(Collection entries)
━━━━━━━━━━━━━━━━

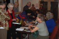 Following dinner, Ruth Zalph and Peggy Misch were honored as WILPF Wise Women Elders for their decades of work for peace, freedom and justice. Ruth most recently walked across the state of North Carolina this fall with the NAACP’s Journey for Justice, a march from Selma to DC for "our jobs, our schools, our votes and our lives." Peggy was honored in absentia, as she was in Palestine, the oldest member of a Code Pink delegation harvesting olives; she received the award at WILPF’s December 12 meeting.
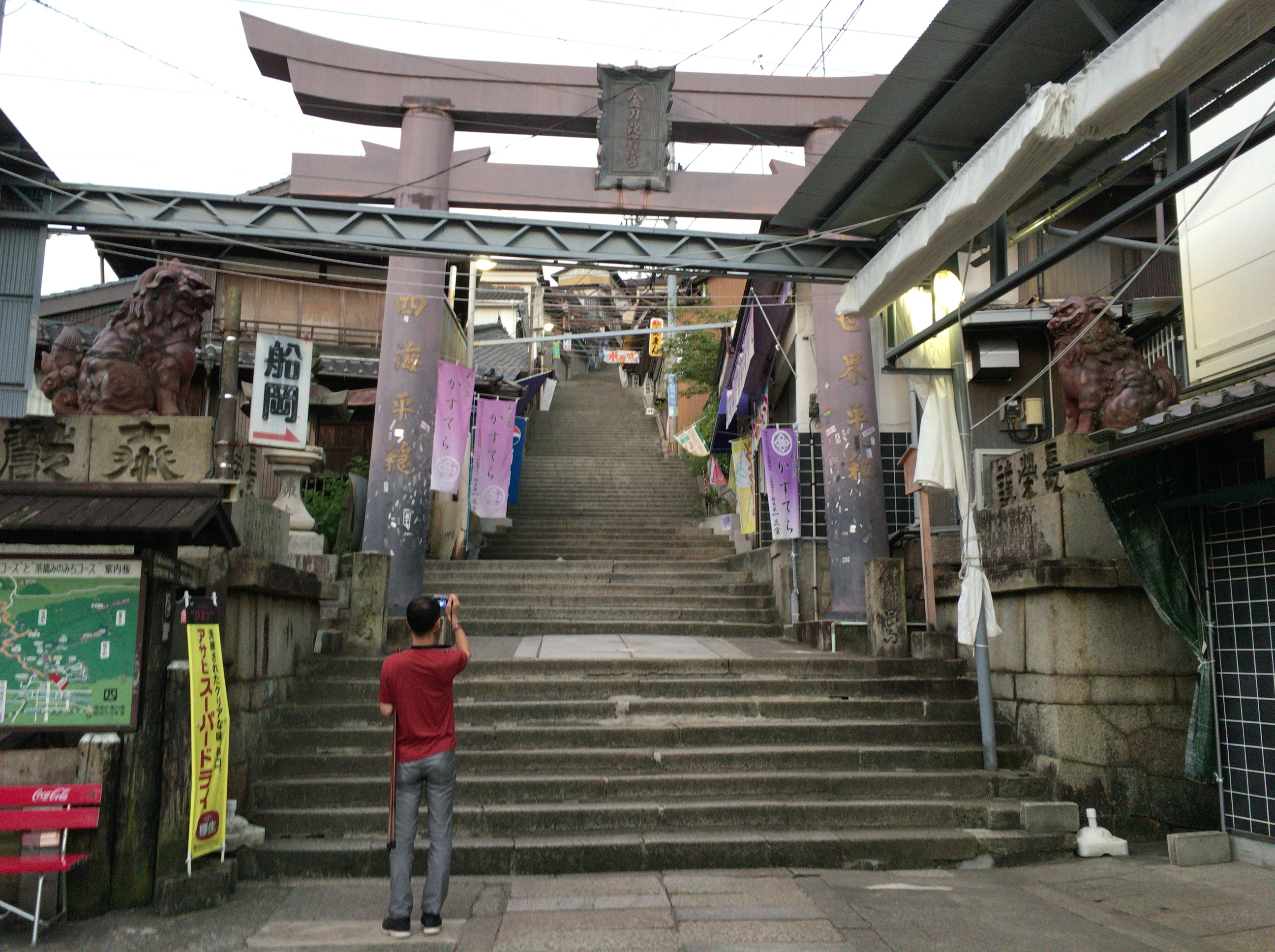 この階段からスタートですね。早朝なのにジョギングして上る人がいます。この人たちは中段まで登ってお参りしたら帰る人たちがほとんどです。ですが、ぼくは最奥までいきますよ!
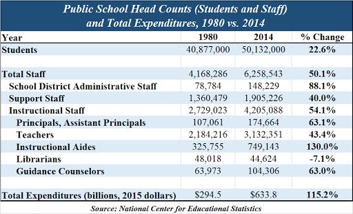 Процент учащихся (от населения) упал больше, чем на 10%, при этом хотя и число их стало больше, рост числа бюрократов гораздо выше. Ну и расходы, конечно, которые с учетом инфляции упали где-то на треть. Такая вот "статистика" от ".. Center for .. Statistics".
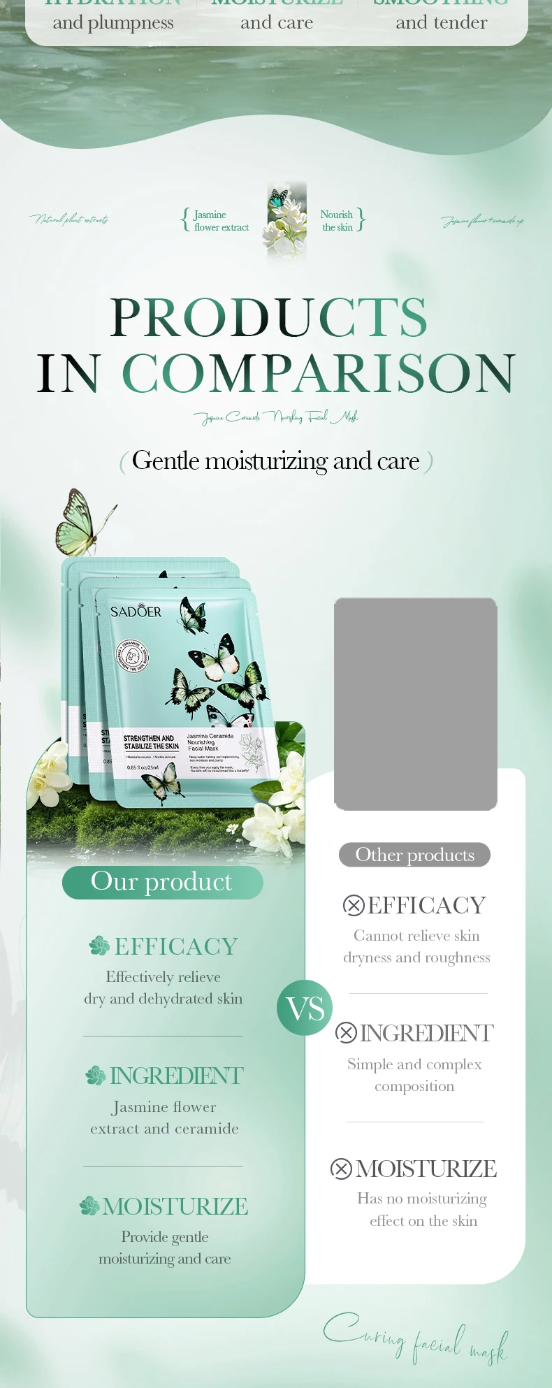SADOER Jasmine Face Mask Moisturizing Hydrating Oil Control Anti-Aging Facial Masks Sheet Mask for Face Skin Care Prod
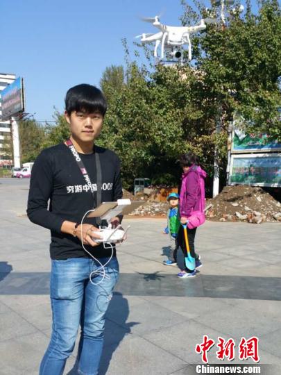 圖為張智杰在旅途中用無人機拍攝風景。受訪者供圖 攝
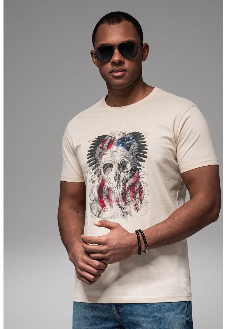 Tricou cu imprimeu si decolteu la baza gatului - Rosu/Negru/Crem
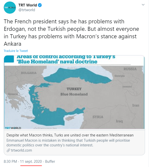 To Σάββατο 12/9/20 το κρατικό τούρκικο TRT δημοσιεύει χάρτη που όπως αναφέρει δείχνει τις περιοχές υπό τουρκικό έλεγχο σύμφωνα με το δόγμα της Γαλάζιας Πατρίδας και συμπεριλαμβάνει σε αυτές Ρόδο, Μυτιλήνη, Χίος, Σάμος, Κως κ.λ.π
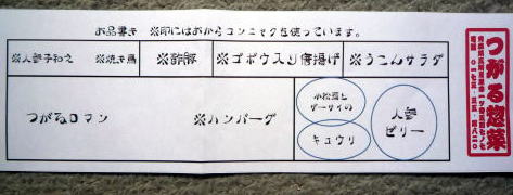 津軽健康モリモリ弁当ということで上記お品書きのようにおからとコンニャクを使用した
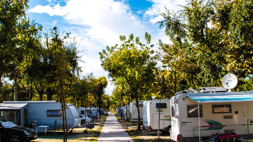 Camping San Francesco is a large, beachside site in a quiet location close to the coastal town of Caorle (Little Venice), known for its connection with Ernest Hemingway. Although there are over 600 mobile homes to rent, 370 level, grassy pitches are reserved for tourers. They are close to the beach, shaded, and all have electricity (10A) and fresh and waste water connections. The site has every facility for a comfortable holiday, with swimming pools, an attractive aquapark (extra charge), a good beach for swimming, a large supermarket etc. However, some touring in the area from the site and a trip to Venice are also worthwhile.
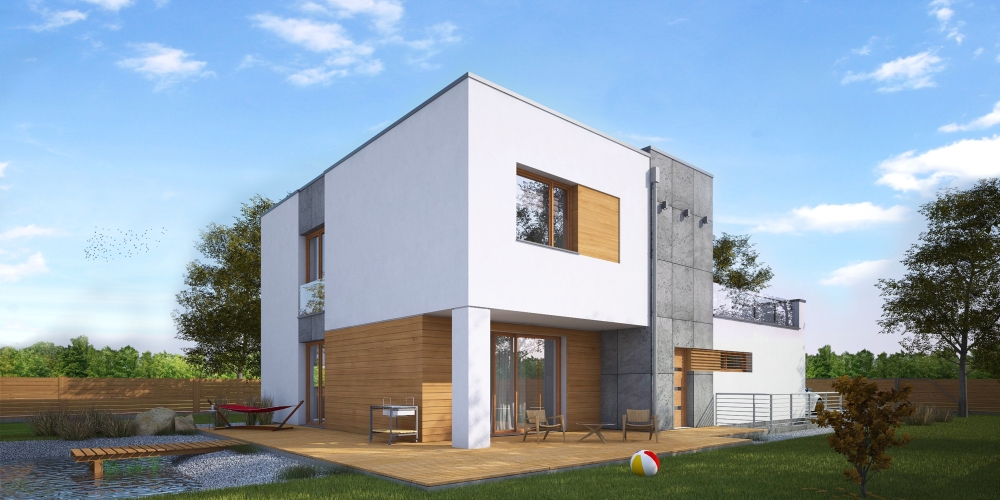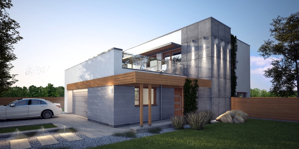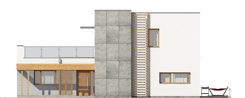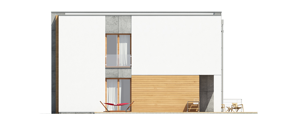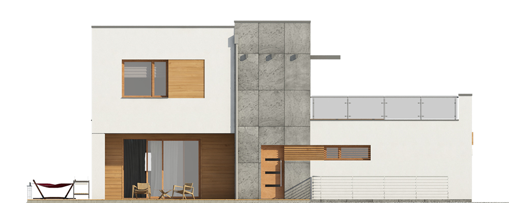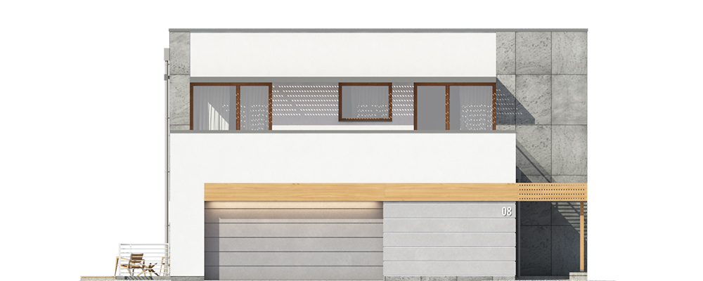 Nowoczesny piętrowy dom jednorodzinny z dachem płaskim, wolnostojący, podpiwniczony, dwukondygnacyjny z dużym garażem dwustanowiskowym. Na układ funkcjonalny składają się salon z wyjściem na taras, kuchnia z jadalnią, cztery pokoje, dwie łazienki, garderoba, garaż, cztery pomieszczenia gospodarcze w piwnicy, jedno na parterze oraz jedno na piętrze. Na parterze pokój może pełnić funkcję gabinetu usługowego. Nad częścią garażową przestronny taras.

━━━━━━━━━━━━━━━━

-- Task --
Because only one stretch of the records is wanted, please output the lines from the one holding "Процент учащихся (от" through the one holding "津軽健康モリモリ弁当というこ" exactly, both included, and leave every picture out.

-- Answer section --
 Процент учащихся (от населения) упал больше, чем на 10%, при этом хотя и число их стало больше, рост числа бюрократов гораздо выше. Ну и расходы, конечно, которые с учетом инфляции упали где-то на треть. Такая вот "статистика" от ".. Center for .. Statistics".
SADOER Jasmine Face Mask Moisturizing Hydrating Oil Control Anti-Aging Facial Masks Sheet Mask for Face Skin Care Prod
 圖為張智杰在旅途中用無人機拍攝風景。受訪者供圖 攝
 Tricou cu imprimeu si decolteu la baza gatului - Rosu/Negru/Crem
 To Σάββατο 12/9/20 το κρατικό τούρκικο TRT δημοσιεύει χάρτη που όπως αναφέρει δείχνει τις περιοχές υπό τουρκικό έλεγχο σύμφωνα με το δόγμα της Γαλάζιας Πατρίδας και συμπεριλαμβάνει σε αυτές Ρόδο, Μυτιλήνη, Χίος, Σάμος, Κως κ.λ.π
 津軽健康モリモリ弁当ということで上記お品書きのようにおからとコンニャクを使用した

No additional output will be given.